Всю зиму мы были вместе. Он приходил очень часто. А в феврале вообще жил у меня – две недели из четырёх. Это были его командировки. Мы делали вид, что всё замечательно, не упоминая о предстоящей разлуке. Я существовала тогда в пространстве, как будто сотканном из любви, ласки, заботы, внимания, понимания и снова – любви. И в это же время, где-то там, в недрах важных канцелярий, рассматривались мои документы на выезд.

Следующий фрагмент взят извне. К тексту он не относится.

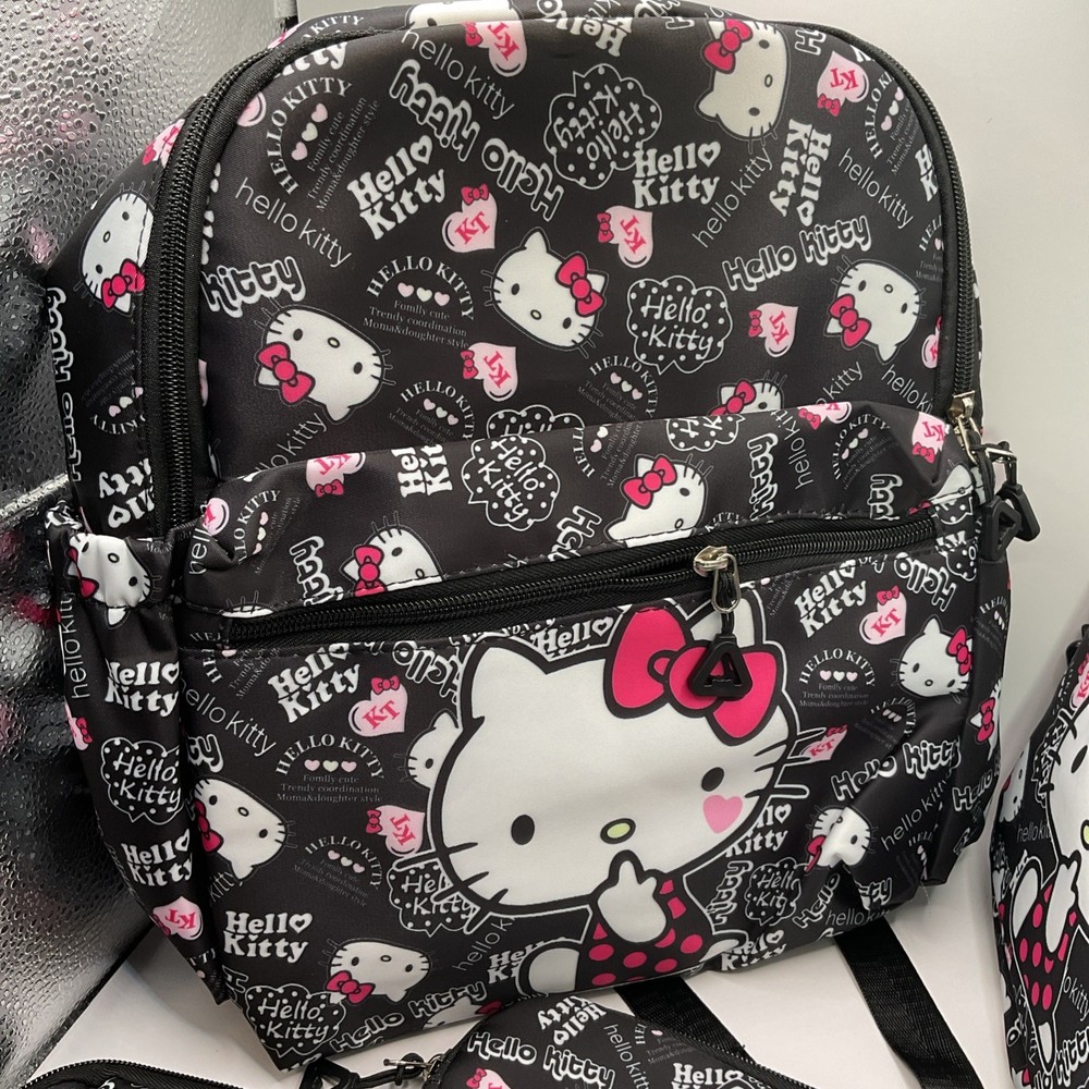 This 4-piece set includes a Hello Kitty outdoor backpack, pencil case, shoulder school bag, and wallet, all featuring the popular Hello Kitty character in a colorful animal print design. Made of durable polyester material, these items are perfect for school, with a zip closure for easy access. The backpack and shoulder school bag are designed for both boys and girls, making it a versatile and fun choice for any young Hello Kitty fan.
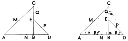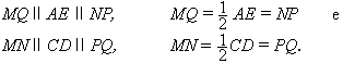 Solução: Como M, N, P e Q são, respectivamente, os pontos médios de AC, AD, DE e EC, temos:
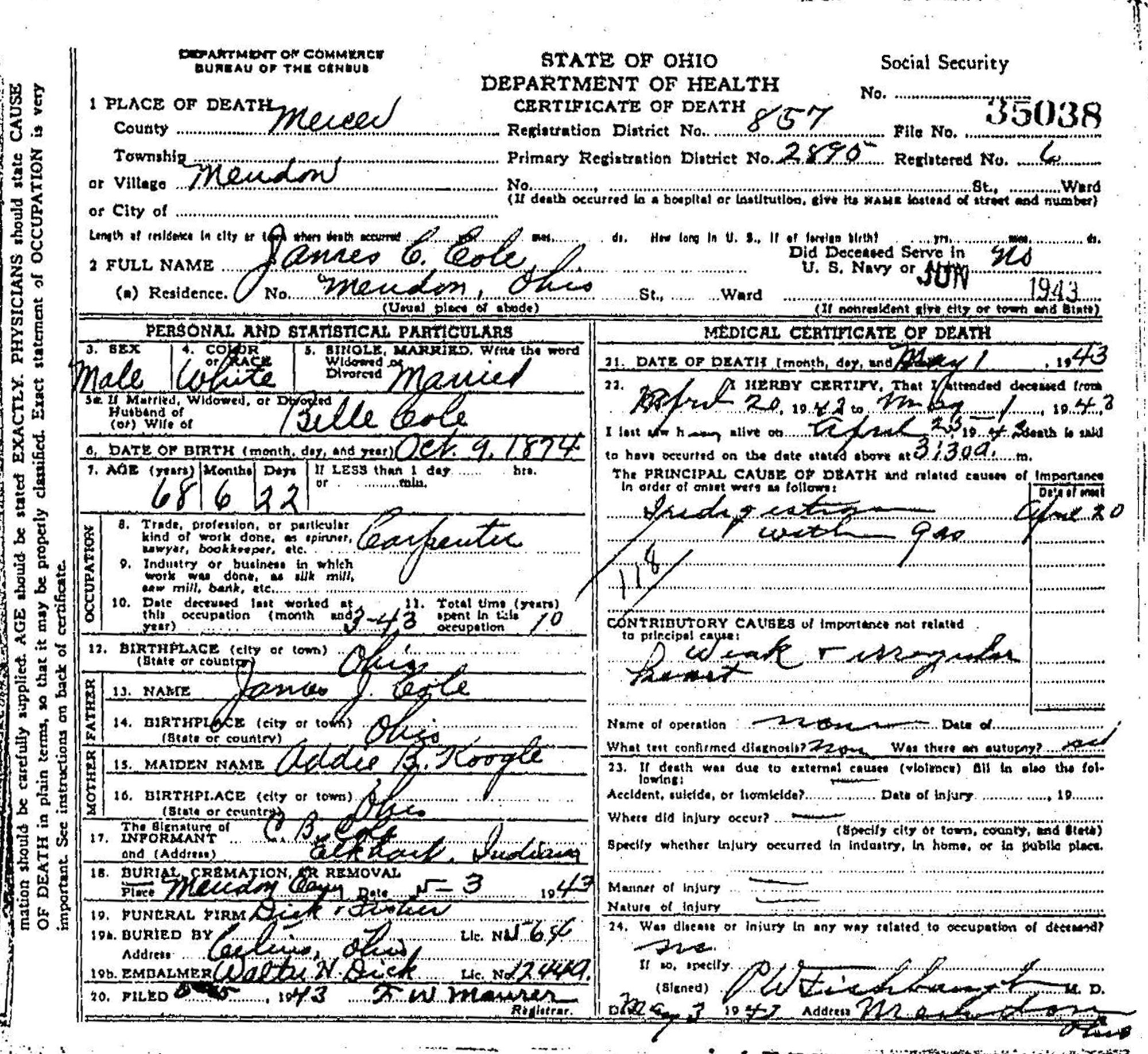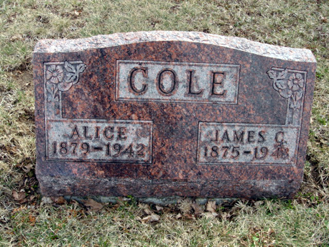 1 Find A Grave, database and images (https://www.findagrave.com/ ); accessed 05 April 2019), memorial page for James Chesney Cole (9 Oct 1875\endash 1 May 1943), Find A Grave Memorial no. 35308506, citing Mendon Cemetery, Mendon, Mercer County, Ohio, USA
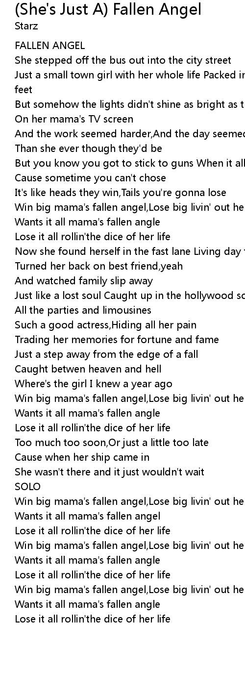 | [03:10.61] | Wants it all mama's fallen angel |
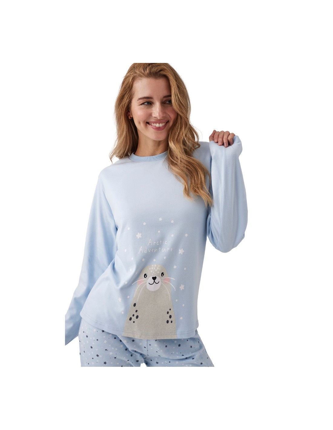 Pijama de mujer confeccionado en algodón con un simpático estampado de focas, ideal para los meses de invierno. El conjunto de dos piezas incluye camiseta de manga larga y pantalón largo con puños en el bajo, que aportan un ajuste cómodo y moderno. El tejido de algodón proporciona suavidad, transpirabilidad y calidez para un descanso confortable. El color azul suave y el diseño divertido lo convierten en una opción acogedora y con estilo para el hogar. Perfecto para relajarte o dormir cómoda y abrigada durante el invierno.
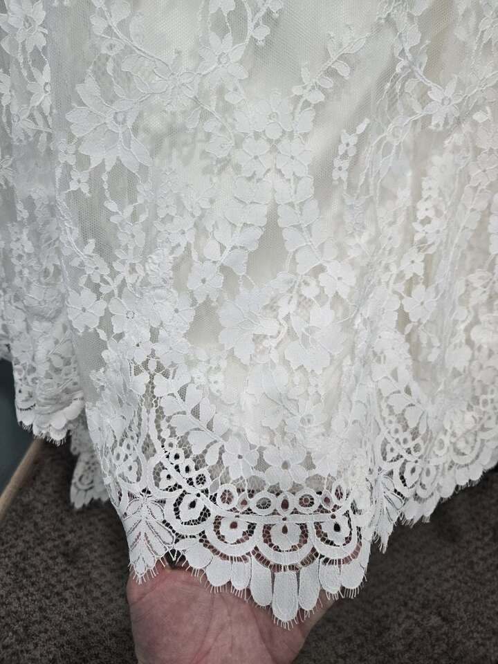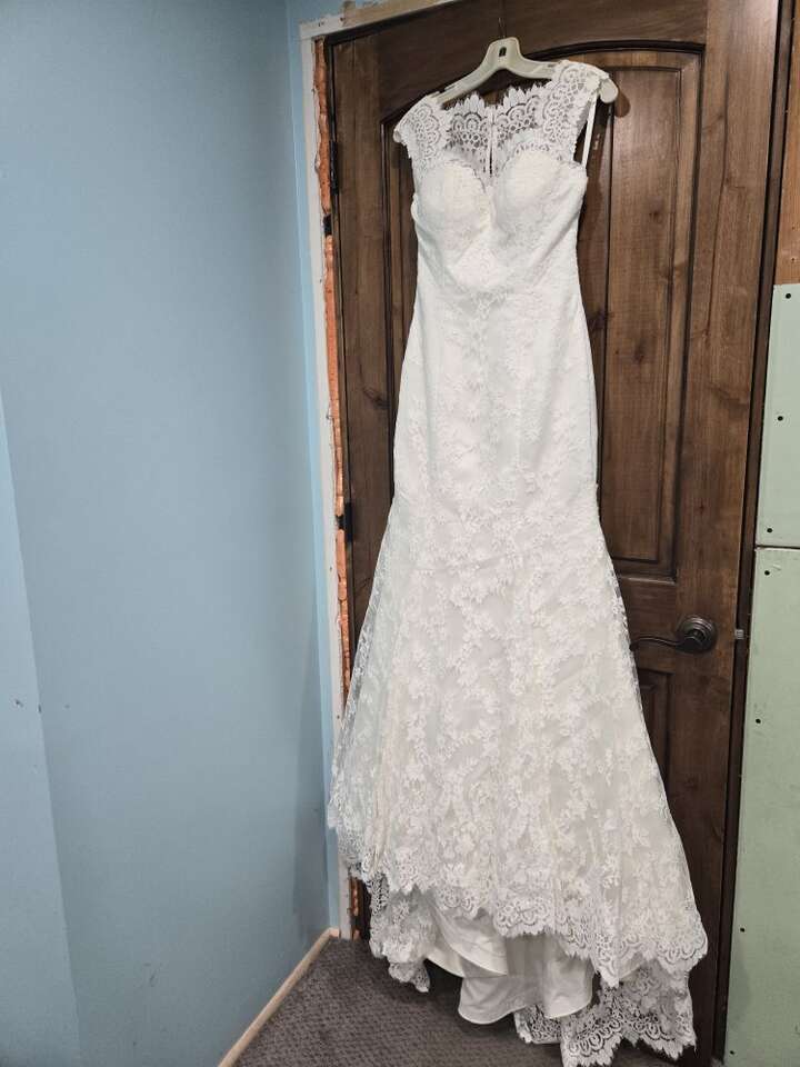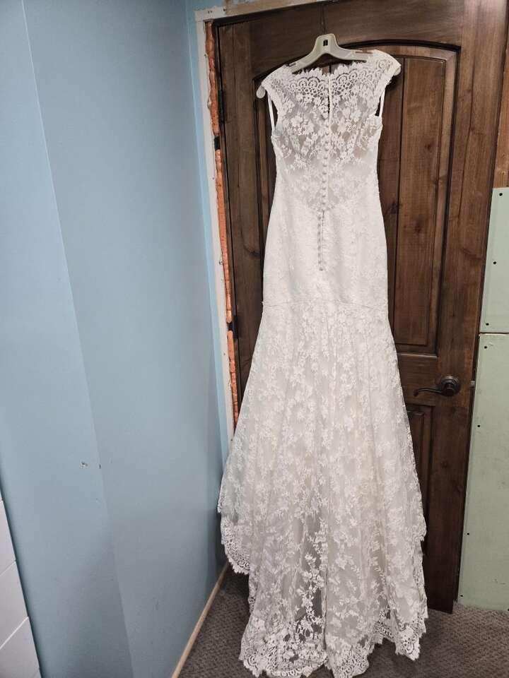 Size 6. Has a bustle, wristlet, and built in bra cups, and crochet hook for the back buttons. Originally $1100 at Mary's Bridal. It has been dry cleaned.
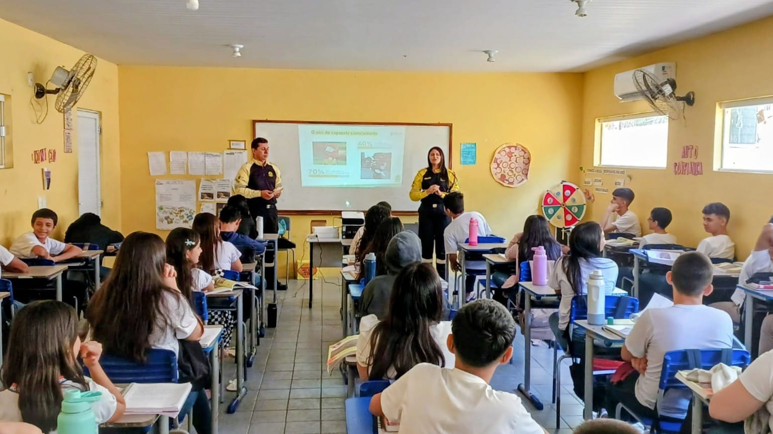 Com a temática “Jovens Cidadãos e Condutores do Futuro”, agentes de trânsito realizaram palestras e oficinas com o objetivo de conscientizar os alunos sobre a importância da segurança viária e noções básicas do Código de Trânsito Brasileiro (CTB).
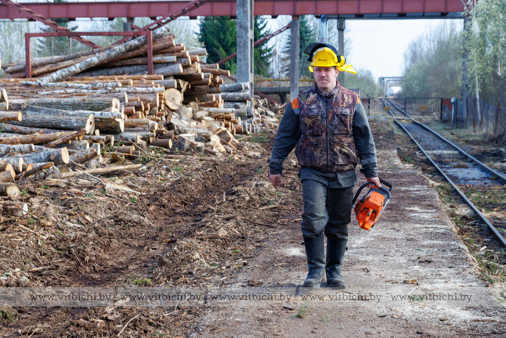 Наши корреспонденты посмотрели, как работает Кирилл. Его рабочее место находится на складе древесины, которую свозят со всех делянок лесхоза. Задача Кирилла — загрузить лесоматериалы в железнодорожные вагоны так, чтобы древесина не повредилась, лежала ровно и чтобы вагон не был полупустой. А для этого нужно всё правильно упаковать.
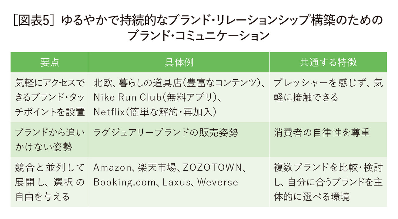 ゆるやかで長期的な関係を築くためには、ブランド側があえて「追いかけない」姿勢を示すことも重要である。過剰なプッシュ型接触を避け、消費者が自ら関わりに来る余地を残すことで、自律性を尊重するブランド姿勢を体現できる。具体的には、広告で過度に購買を迫らないこと、製品ユーザーへのしつこいターゲティング広告を控えること、あるいはサブスクリプション解約時に無理に引き止めないことなどが挙げられる。こうしたアプローチは心理的負担を軽減し、結果としてブランドへの好感を高める。
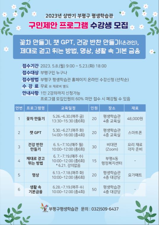 모집대상은 부평구에 주소나 사업장 소재지가 있는 사람이라면 누구나 참여할 수 있으며 수강료는 무료다.
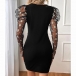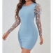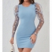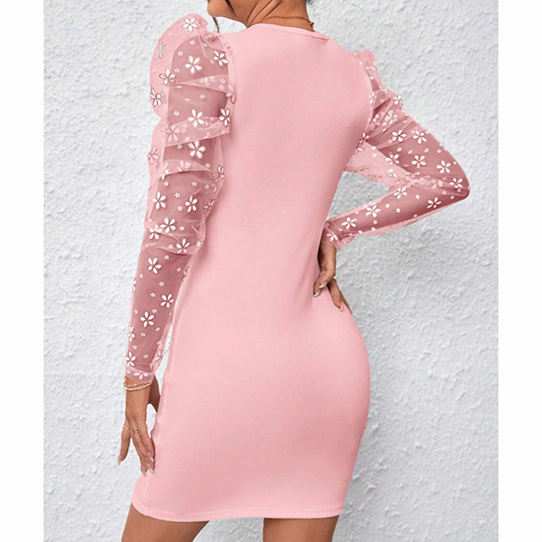 Fashion Crew Neck Floral Gauze Spliced Long Sleeve Bodycon Dress
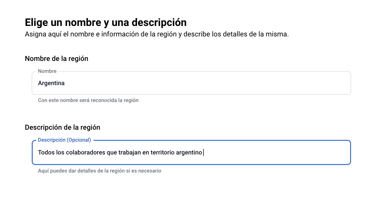Ingresa el nombre y la descripción de la nueva región.

"Курица – не птица, Болгария – не заграница", – такая шутка ходила тогда в Союзе. Ерунда. Болгария была заграница, и, чтобы выехать туда, нужно было пройти кучу инстанций. Этот сумасшедший февраль я существовала в двух измерениях. Сама не знаю, как сумела это пройти.
Мы со Стефаном расписались 2-го марта, в Доме Счастья.
У меня не было ни шляпы, ни фаты, ни такого шикарного свадебного платья, какое было у тебя на свадьбе. Да что там – шикарного! Вообще не было свадебного платья. Стефан стоял в белом костюме, с бабочкой. В нежно-голубой рубашке. Красавчик.